_Task directions_
Restate word for word the entries below, starting at the line with "The images obtained" and ending at the line with "Thông qua phối". Keep both end lines and omit the pictures.

_Provided information_
------------------------------------------------------------

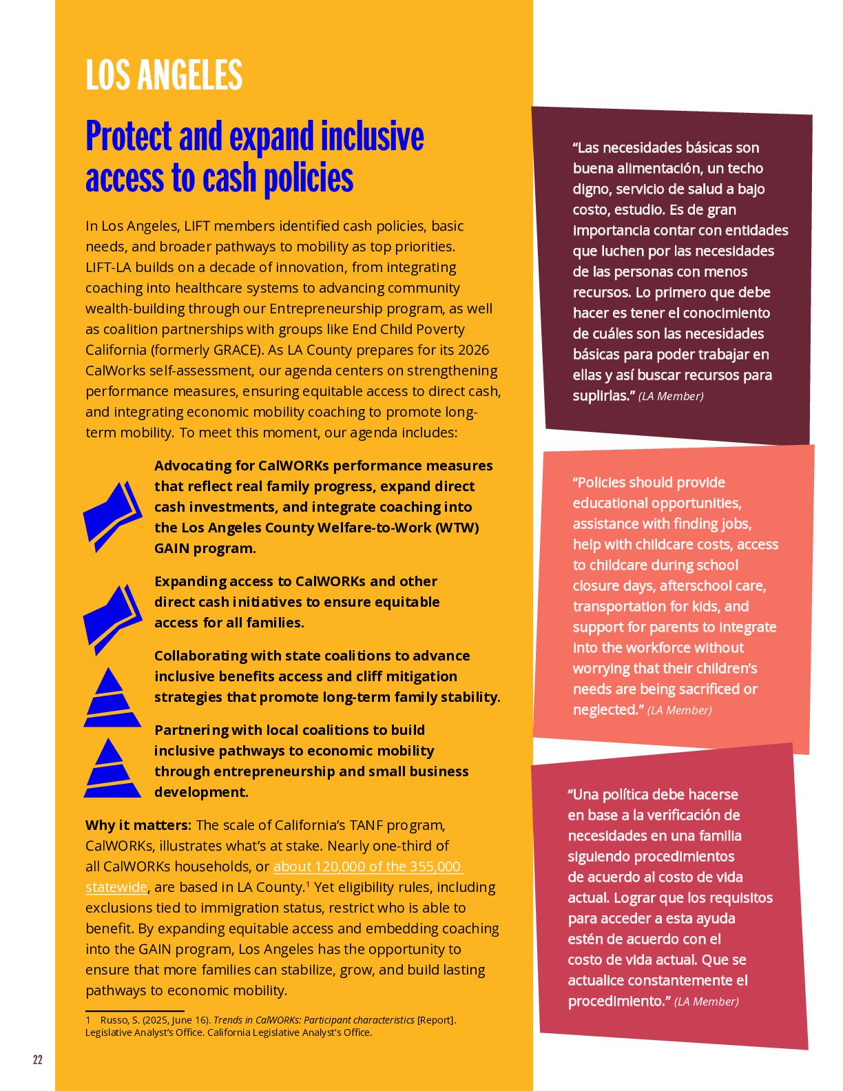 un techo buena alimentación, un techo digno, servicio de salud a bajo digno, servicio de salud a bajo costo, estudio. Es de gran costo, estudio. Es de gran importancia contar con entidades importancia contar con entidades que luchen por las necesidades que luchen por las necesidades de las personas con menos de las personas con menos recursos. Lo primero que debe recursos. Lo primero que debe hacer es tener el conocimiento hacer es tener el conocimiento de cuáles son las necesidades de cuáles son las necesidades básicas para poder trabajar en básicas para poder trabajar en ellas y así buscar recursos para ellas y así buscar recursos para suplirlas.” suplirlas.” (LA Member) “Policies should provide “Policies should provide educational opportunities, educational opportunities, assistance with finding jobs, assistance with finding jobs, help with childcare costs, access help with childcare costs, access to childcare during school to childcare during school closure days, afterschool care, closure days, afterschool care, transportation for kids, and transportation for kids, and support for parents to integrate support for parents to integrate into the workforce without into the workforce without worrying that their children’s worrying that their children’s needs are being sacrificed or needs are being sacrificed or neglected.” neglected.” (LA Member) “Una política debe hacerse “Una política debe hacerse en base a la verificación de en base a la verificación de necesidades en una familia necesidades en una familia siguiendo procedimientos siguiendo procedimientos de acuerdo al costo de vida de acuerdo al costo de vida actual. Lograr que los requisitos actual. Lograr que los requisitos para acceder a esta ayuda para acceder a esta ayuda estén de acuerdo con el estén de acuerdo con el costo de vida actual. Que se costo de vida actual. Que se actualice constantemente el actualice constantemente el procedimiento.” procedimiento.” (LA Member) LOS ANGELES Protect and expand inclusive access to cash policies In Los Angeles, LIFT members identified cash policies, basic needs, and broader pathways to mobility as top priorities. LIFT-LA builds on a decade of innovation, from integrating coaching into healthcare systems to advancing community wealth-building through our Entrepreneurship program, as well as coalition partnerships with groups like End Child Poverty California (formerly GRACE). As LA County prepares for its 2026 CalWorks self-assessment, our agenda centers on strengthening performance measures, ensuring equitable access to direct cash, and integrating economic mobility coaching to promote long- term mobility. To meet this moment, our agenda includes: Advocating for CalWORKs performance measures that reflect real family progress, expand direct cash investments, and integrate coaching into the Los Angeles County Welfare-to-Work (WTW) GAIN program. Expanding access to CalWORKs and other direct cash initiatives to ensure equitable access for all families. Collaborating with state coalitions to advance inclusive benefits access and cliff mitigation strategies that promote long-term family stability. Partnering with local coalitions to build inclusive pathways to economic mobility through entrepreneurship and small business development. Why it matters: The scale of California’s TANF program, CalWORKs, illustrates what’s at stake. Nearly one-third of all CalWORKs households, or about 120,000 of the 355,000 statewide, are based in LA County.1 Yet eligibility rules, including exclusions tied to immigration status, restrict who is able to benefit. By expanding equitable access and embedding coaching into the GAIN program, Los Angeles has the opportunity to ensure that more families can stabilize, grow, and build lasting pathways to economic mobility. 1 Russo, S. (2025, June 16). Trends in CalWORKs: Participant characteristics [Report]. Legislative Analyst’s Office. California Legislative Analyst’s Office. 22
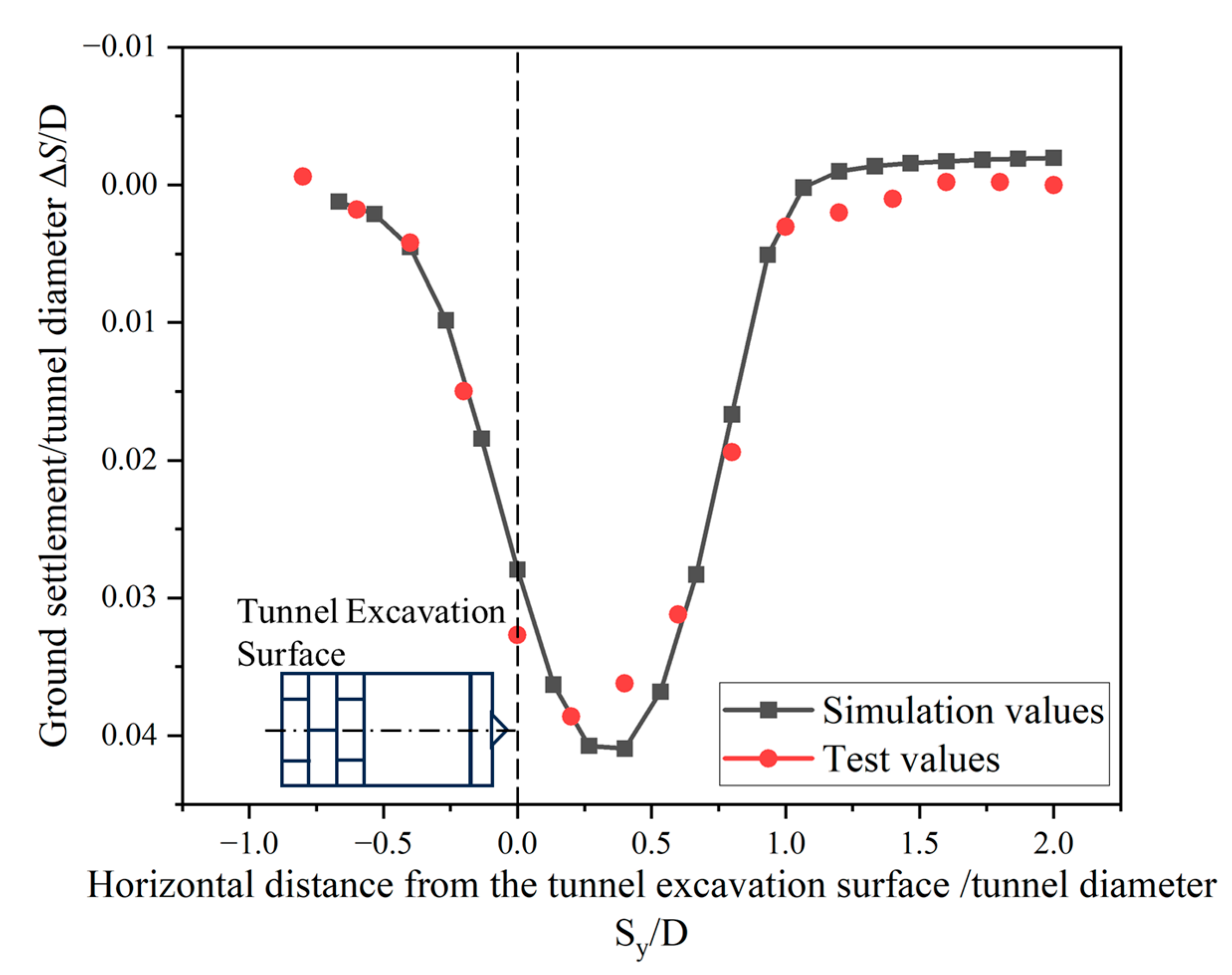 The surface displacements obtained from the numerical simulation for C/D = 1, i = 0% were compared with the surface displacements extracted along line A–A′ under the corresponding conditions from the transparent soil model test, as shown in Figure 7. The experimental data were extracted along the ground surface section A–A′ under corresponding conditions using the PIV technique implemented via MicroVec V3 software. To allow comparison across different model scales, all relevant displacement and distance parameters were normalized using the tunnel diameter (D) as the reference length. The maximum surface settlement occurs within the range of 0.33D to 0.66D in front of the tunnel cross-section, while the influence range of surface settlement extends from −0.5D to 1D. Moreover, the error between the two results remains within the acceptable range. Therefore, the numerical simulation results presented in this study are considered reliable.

------------------------------------------------------------

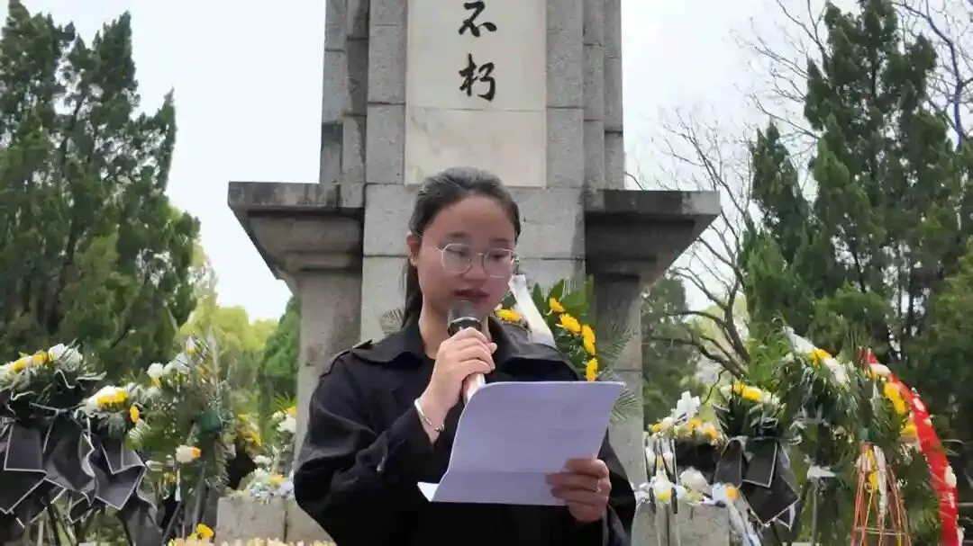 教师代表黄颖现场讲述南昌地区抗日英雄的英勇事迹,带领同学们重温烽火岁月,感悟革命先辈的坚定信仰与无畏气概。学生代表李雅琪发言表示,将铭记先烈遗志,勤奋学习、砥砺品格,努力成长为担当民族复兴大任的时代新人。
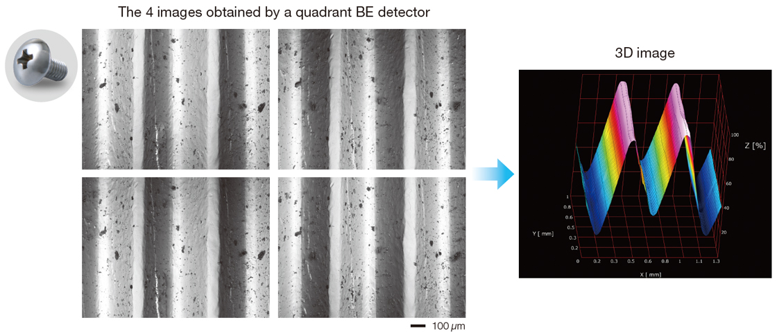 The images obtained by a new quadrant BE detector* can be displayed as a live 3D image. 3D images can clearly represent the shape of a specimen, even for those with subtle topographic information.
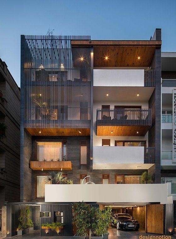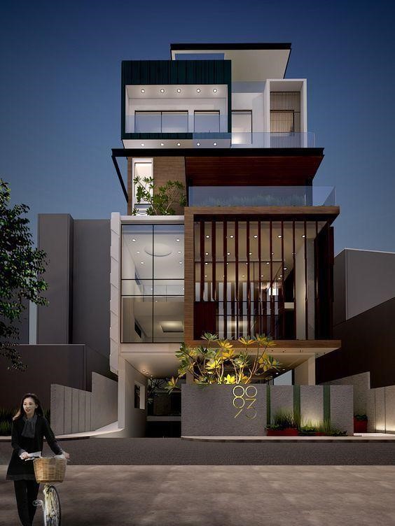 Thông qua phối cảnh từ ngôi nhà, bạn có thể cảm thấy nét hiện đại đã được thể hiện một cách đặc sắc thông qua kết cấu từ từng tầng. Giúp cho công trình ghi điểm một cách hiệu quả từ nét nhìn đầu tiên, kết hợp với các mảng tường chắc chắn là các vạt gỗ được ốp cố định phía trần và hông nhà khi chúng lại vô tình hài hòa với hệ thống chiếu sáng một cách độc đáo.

------------------------------------------------------------

_Output of the exercise_
 The images obtained by a new quadrant BE detector* can be displayed as a live 3D image. 3D images can clearly represent the shape of a specimen, even for those with subtle topographic information.
 Thông qua phối cảnh từ ngôi nhà, bạn có thể cảm thấy nét hiện đại đã được thể hiện một cách đặc sắc thông qua kết cấu từ từng tầng. Giúp cho công trình ghi điểm một cách hiệu quả từ nét nhìn đầu tiên, kết hợp với các mảng tường chắc chắn là các vạt gỗ được ốp cố định phía trần và hông nhà khi chúng lại vô tình hài hòa với hệ thống chiếu sáng một cách độc đáo.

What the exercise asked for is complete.